## Exercise aim
In the entries below, find the line with "I mentioned in" and the line with "Για Samsung Galaxy". Repeat exactly everything between them, those two lines included, but not the pictures.

## Task material
------------------------------------------------------------
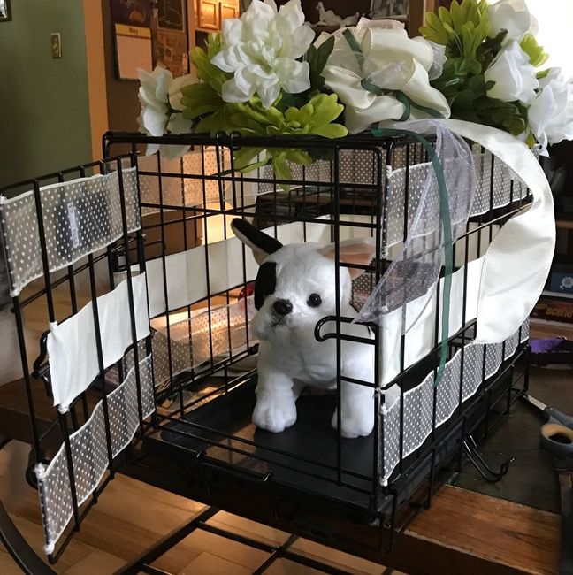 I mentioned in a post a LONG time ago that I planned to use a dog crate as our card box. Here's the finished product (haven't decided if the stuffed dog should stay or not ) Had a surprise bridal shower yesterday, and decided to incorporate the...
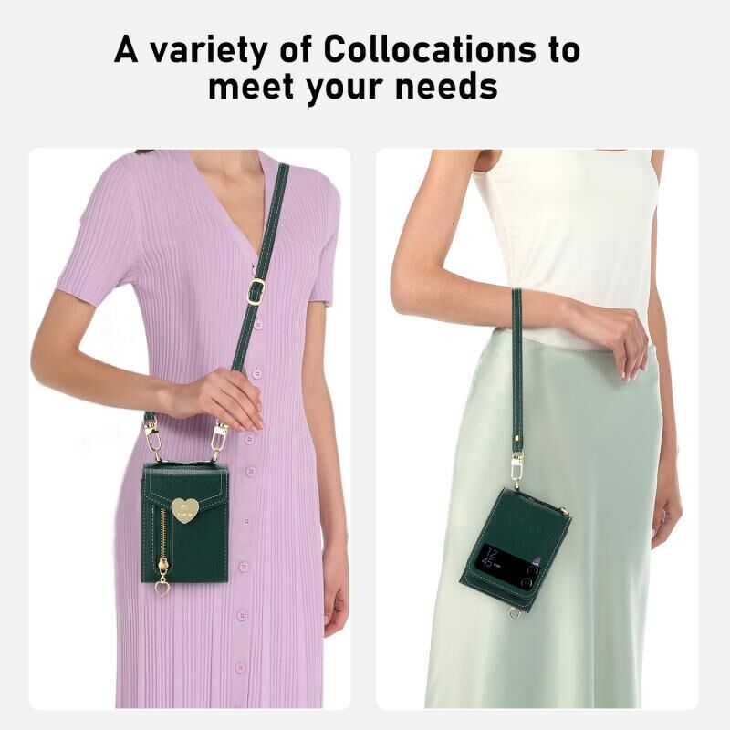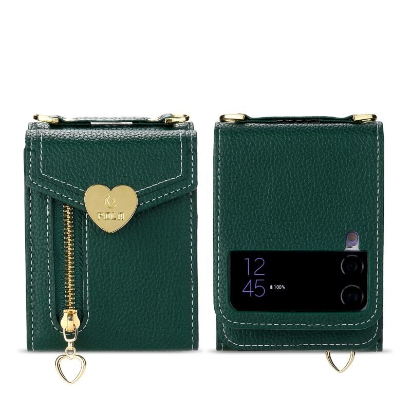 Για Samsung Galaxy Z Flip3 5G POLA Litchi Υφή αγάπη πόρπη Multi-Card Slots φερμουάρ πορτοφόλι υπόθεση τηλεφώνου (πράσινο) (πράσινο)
------------------------------------------------------------
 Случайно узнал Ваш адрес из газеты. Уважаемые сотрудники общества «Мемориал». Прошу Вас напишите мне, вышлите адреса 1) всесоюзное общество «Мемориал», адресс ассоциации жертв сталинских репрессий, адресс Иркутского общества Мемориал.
------------------------------------------------------------
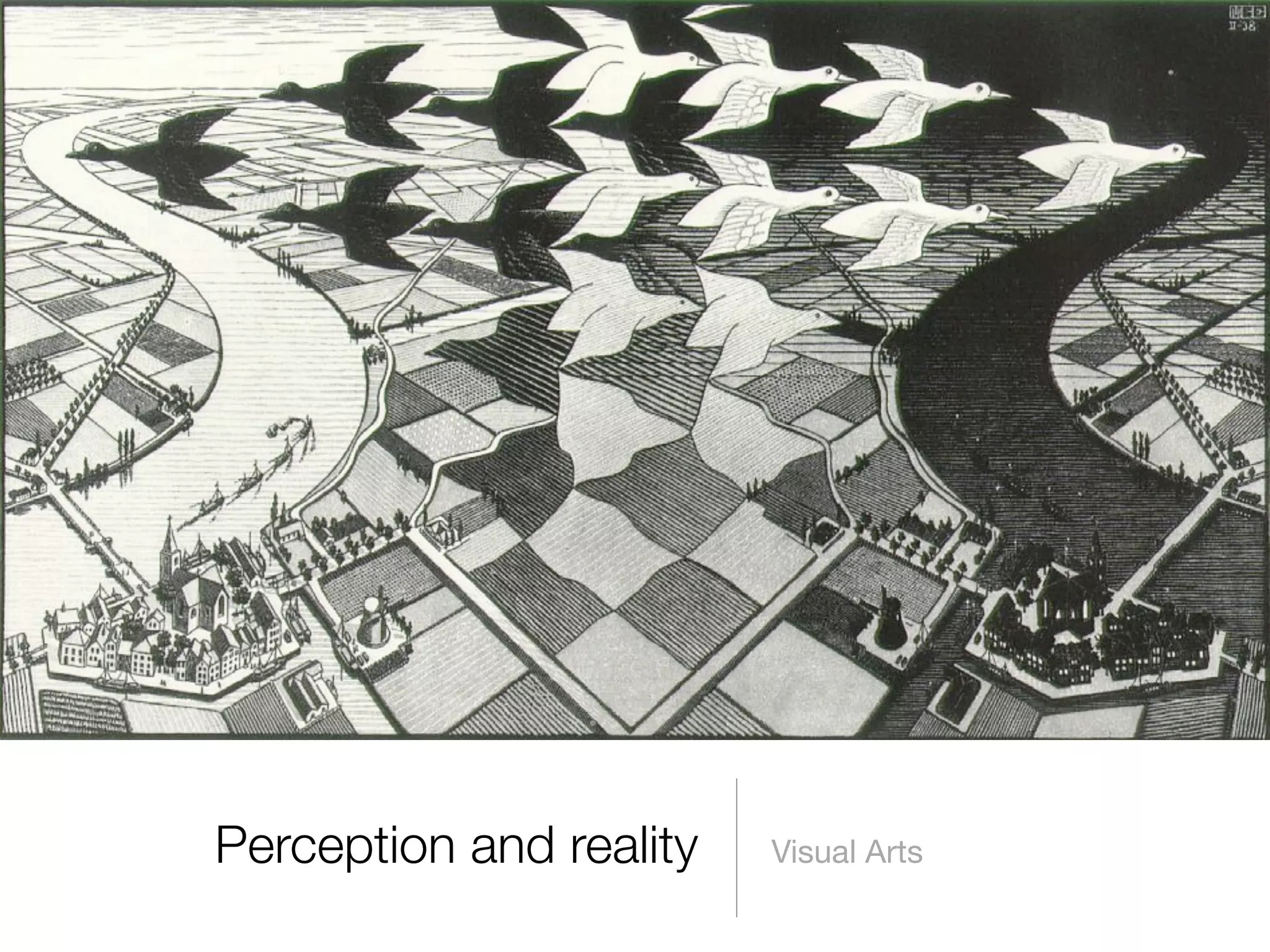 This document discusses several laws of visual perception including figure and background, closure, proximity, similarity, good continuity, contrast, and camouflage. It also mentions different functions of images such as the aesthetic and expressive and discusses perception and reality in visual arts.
------------------------------------------------------------
## Output
 I mentioned in a post a LONG time ago that I planned to use a dog crate as our card box. Here's the finished product (haven't decided if the stuffed dog should stay or not ) Had a surprise bridal shower yesterday, and decided to incorporate the...
 Για Samsung Galaxy Z Flip3 5G POLA Litchi Υφή αγάπη πόρπη Multi-Card Slots φερμουάρ πορτοφόλι υπόθεση τηλεφώνου (πράσινο) (πράσινο)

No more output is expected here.